There are 35 more active bills targeting transgender people in other ways, according to HRC.

And in recent weeks, high-profile political figures including former president Donald Trump and Rep. Marjorie Taylor Green, a Georgia Republican have used transgender athletes as political punching bags — or punchlines.

To advance this agenda, conservatives argue that allowing transgender athletes to participate on teams that match their gender identities would harm women’s sports, a claim that trans activists say is preposterous.

Legislators and activists who talked to Insider said that the people most affected by the proposed pieces of legislation are children.

“Trans youth are just trying to go to school to learn and play on a team to be with their friends like anybody else,” said Rodrigo Heng-Lehtinen, deputy executive director of the National Center for Transgender Equality.  “There’s no reason that elected officials should be attacking young people like that. We should be making it easier to be in school and play on teams these days, not harder.”

And yet when the Associated Press reached out to more than 20 lawmakers and political groups who sought to ban transgender girls from playing on women’s teams, most could not cite an instance where this had been an issue in their state or district. 

The wave of legislation recalls the fights over so-called “bathroom bills,” where lawmakers tried to prevent transgender people from using the bathroom that corresponded with their gender identity.

“It is a hundred percent a coordinated strategy by people who are vehemently anti-transgender,” Heng-Lehtinen said.

An all-American problem

While anti-transgender rhetoric is not unique to the US, the “saving women’s sports” rhetoric sports is all-American, said Katy Montgomerie, a trans activist in Bristol, England.

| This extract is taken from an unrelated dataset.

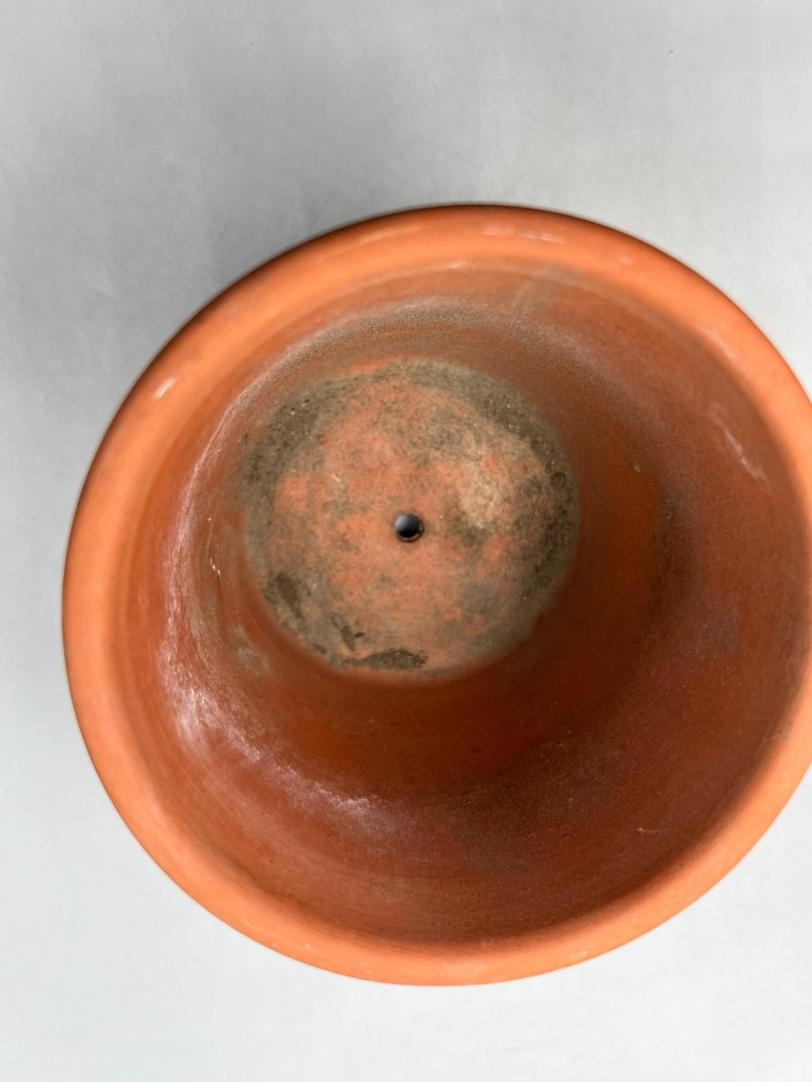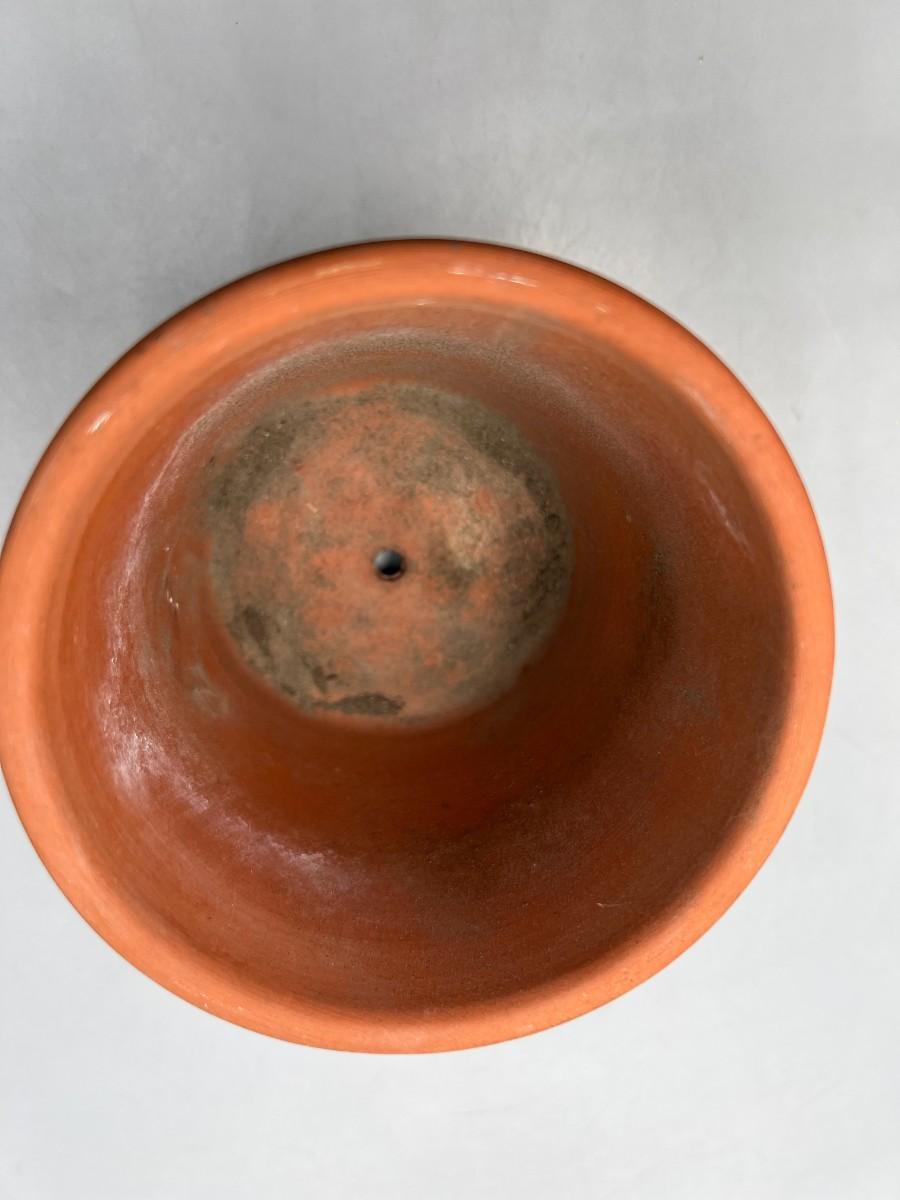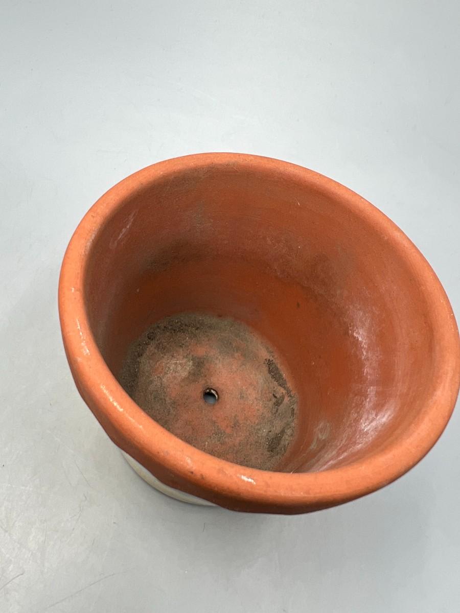 Small Colorful Blue & Purple Painted Flowers Yellow Base Terra Cotta Planter Pot. In good condition. Small, about 3" size.

“One of the best ways the gender critical movement has to radicalize the average person on the street is sports,” Montgomerie said.

A new group, known as Promise to America’s Children, has emerged to push back against the Equality Act, which would expand protections for LGBTQ people, NBC News reported. The effort is backed by a coalition that includes the Heritage Foundation, a conservative think tank, Family Policy Alliance, and others.

Emilie Kao, who directs the Heritage Foundation’s program on religion and civil society and is involved with the Promise for America’s Children, said that “male bodies are just bigger and stronger and faster and women’s bodies are smaller and weaker and slower.”

It’s an argument repeated by conservatives who insist that transgender athletes endanger women’s sports.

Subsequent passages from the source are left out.